* _AIM OF THE TASK_
Repeat the listing word for word. Leave every picture out.

* _RECORDS SHOWN_
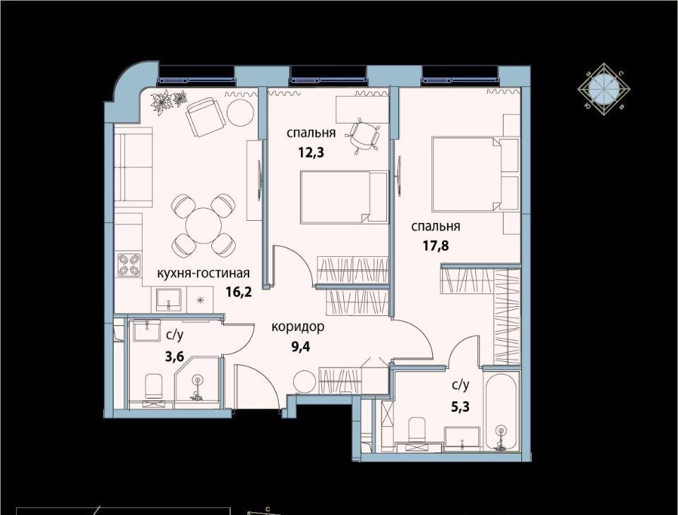 2-к кв. Москва проезд Шелихова, 1к1 (64.0 м²)
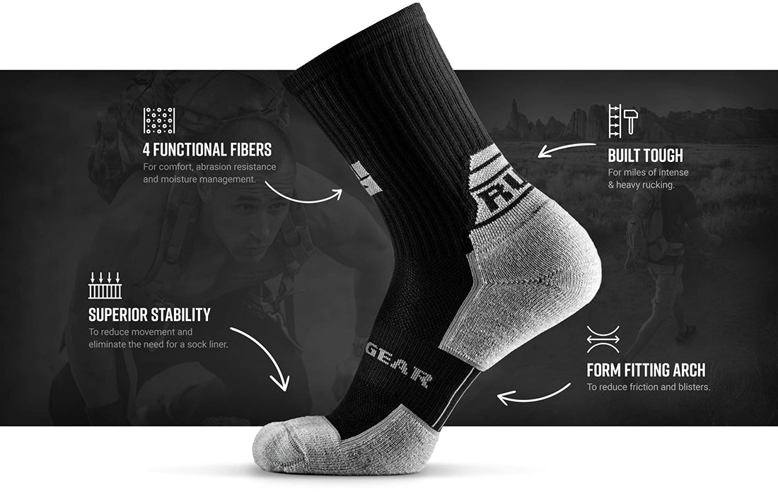 MudGear Ruck Socks are crew height and made with Merino Wool for lasting freshness and superior moisture management. They come in black, gray, military tan, and army green as a reminder that MudGear makes the best military socks for rucking.
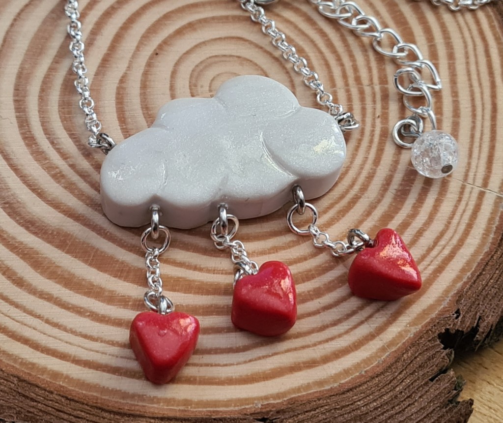 Sur le même thème, j’ai créé un collier orné de breloques en forme de cœur. Ce petit nuage d’amour sera parfait pour la Saint Valentin !
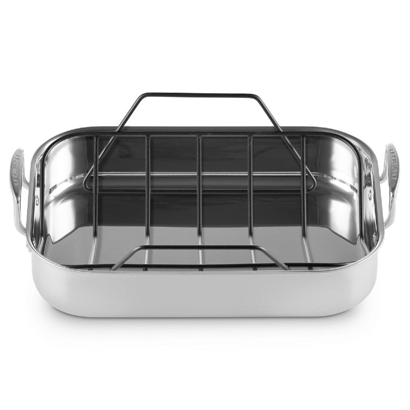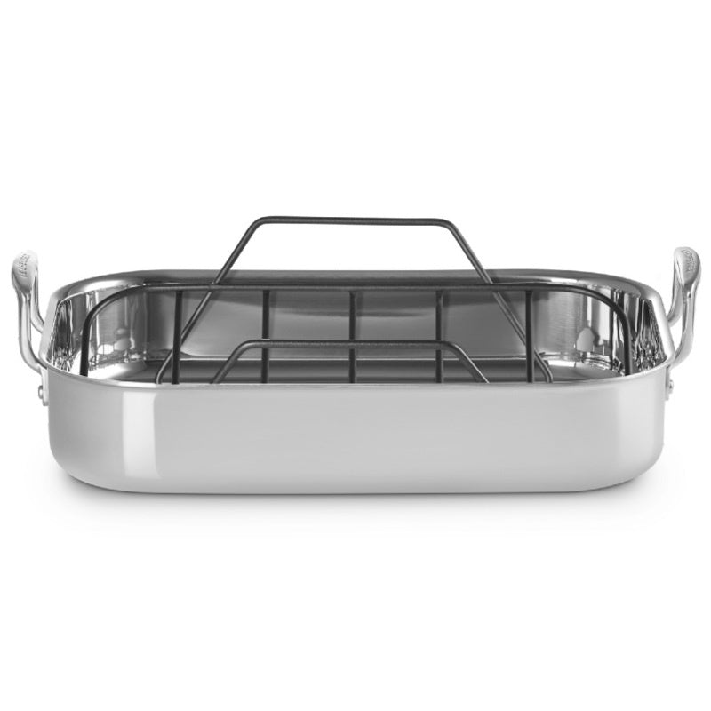 Stainless Steel Roaster With Roasting Rack 35cm is ideal for roasting meats, poultry, and vegetables, offering reliable performance and excellent cooking results. Made from durable 3 ply stainless steel, it provides even and gentle heat distribution across the entire pan, eliminating hot spots and ensuring food cooks thoroughly. The upright, space saving handles allow for a secure and comfortable grip, making the roaster easy to lift and maneuver. The included non-stick roasting rack excess oils and juices drip into the roaster, helping achieve healthier results while also collecting flavourful drippings that can be used for gravies or sauces if desired. Designed for both everyday use and special occasions, this roaster combines practicality, durability, and performance in one versatile kitchen essential.
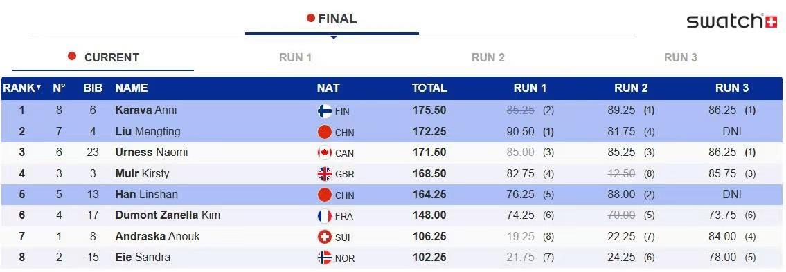 2025-2026赛季国外雪联单板及解放式滑雪大跳台寰宇杯北京站参加决赛日,在女子解放式滑雪决赛中,中国队刘梦婷凭借前两轮出色的推崇,以172.25分夺得银牌,芬兰选手安妮·凯雷韦以175.50分夺冠,中国选手韩林杉最终位列第五。
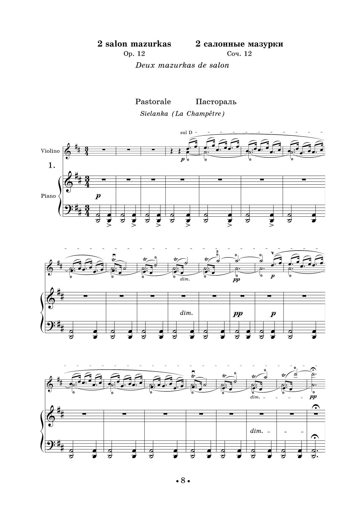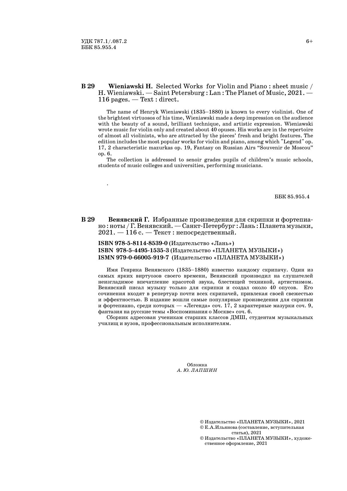 The name of Henryk Wieniawski (1835–1880) is known to every violinist. One of the brightest virtuosos of his time, Wieniawski made a deep impression on the audience with the beauty of a sound, brilliant technique, and artistic expression. Wieniawski wrote music for violin only and created about 40 opuses. His works are in the repertoire of almost all violinists, who are attracted by the pieces’ fresh and bright features. The edition includes the most popular works for violin and piano, among which "Legend" op. 17, 2 characteristic mazurkas op. 19, Fantasy on Russian Airs “Souvenir de Moscou” op. 6.
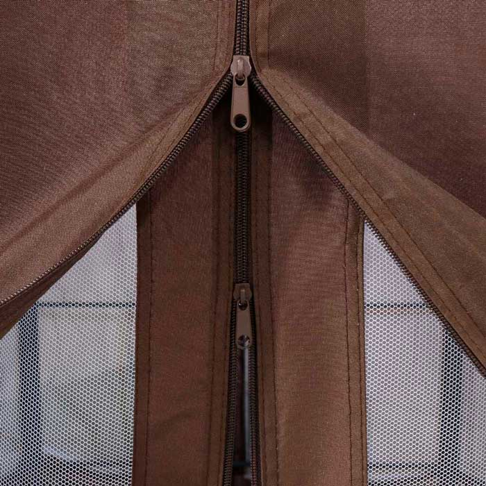 Хотим предложить вам приобрести такое изделие, как комплект для шестиугольного шатра. Данный комплект выполнен в коричневом цвете. В нём находится крыша-тент с клапаном для проветривания, плотные шторы, а также москитная сетка, которая защищает от насекомых. Это наилучший вариант в том случае, если вы хотите сделать свой отдых более комфортным. Комплект защитит вас от солнечных лучей, ветра, дождя, насекомых. Подойдёт комплект для размеров шатра 1,75 х 1,75 х 2,75 м. Крыша изготовлена из полиэстера с плотностью 160 г, а боковые стенки из полиэстера плотностью 140 г с сеткой.

* _RESPONSE BELOW_
 2-к кв. Москва проезд Шелихова, 1к1 (64.0 м²)
 MudGear Ruck Socks are crew height and made with Merino Wool for lasting freshness and superior moisture management. They come in black, gray, military tan, and army green as a reminder that MudGear makes the best military socks for rucking.
 Sur le même thème, j’ai créé un collier orné de breloques en forme de cœur. Ce petit nuage d’amour sera parfait pour la Saint Valentin !
 Stainless Steel Roaster With Roasting Rack 35cm is ideal for roasting meats, poultry, and vegetables, offering reliable performance and excellent cooking results. Made from durable 3 ply stainless steel, it provides even and gentle heat distribution across the entire pan, eliminating hot spots and ensuring food cooks thoroughly. The upright, space saving handles allow for a secure and comfortable grip, making the roaster easy to lift and maneuver. The included non-stick roasting rack excess oils and juices drip into the roaster, helping achieve healthier results while also collecting flavourful drippings that can be used for gravies or sauces if desired. Designed for both everyday use and special occasions, this roaster combines practicality, durability, and performance in one versatile kitchen essential.
 2025-2026赛季国外雪联单板及解放式滑雪大跳台寰宇杯北京站参加决赛日,在女子解放式滑雪决赛中,中国队刘梦婷凭借前两轮出色的推崇,以172.25分夺得银牌,芬兰选手安妮·凯雷韦以175.50分夺冠,中国选手韩林杉最终位列第五。
 The name of Henryk Wieniawski (1835–1880) is known to every violinist. One of the brightest virtuosos of his time, Wieniawski made a deep impression on the audience with the beauty of a sound, brilliant technique, and artistic expression. Wieniawski wrote music for violin only and created about 40 opuses. His works are in the repertoire of almost all violinists, who are attracted by the pieces’ fresh and bright features. The edition includes the most popular works for violin and piano, among which "Legend" op. 17, 2 characteristic mazurkas op. 19, Fantasy on Russian Airs “Souvenir de Moscou” op. 6.
 Хотим предложить вам приобрести такое изделие, как комплект для шестиугольного шатра. Данный комплект выполнен в коричневом цвете. В нём находится крыша-тент с клапаном для проветривания, плотные шторы, а также москитная сетка, которая защищает от насекомых. Это наилучший вариант в том случае, если вы хотите сделать свой отдых более комфортным. Комплект защитит вас от солнечных лучей, ветра, дождя, насекомых. Подойдёт комплект для размеров шатра 1,75 х 1,75 х 2,75 м. Крыша изготовлена из полиэстера с плотностью 160 г, а боковые стенки из полиэстера плотностью 140 г с сеткой.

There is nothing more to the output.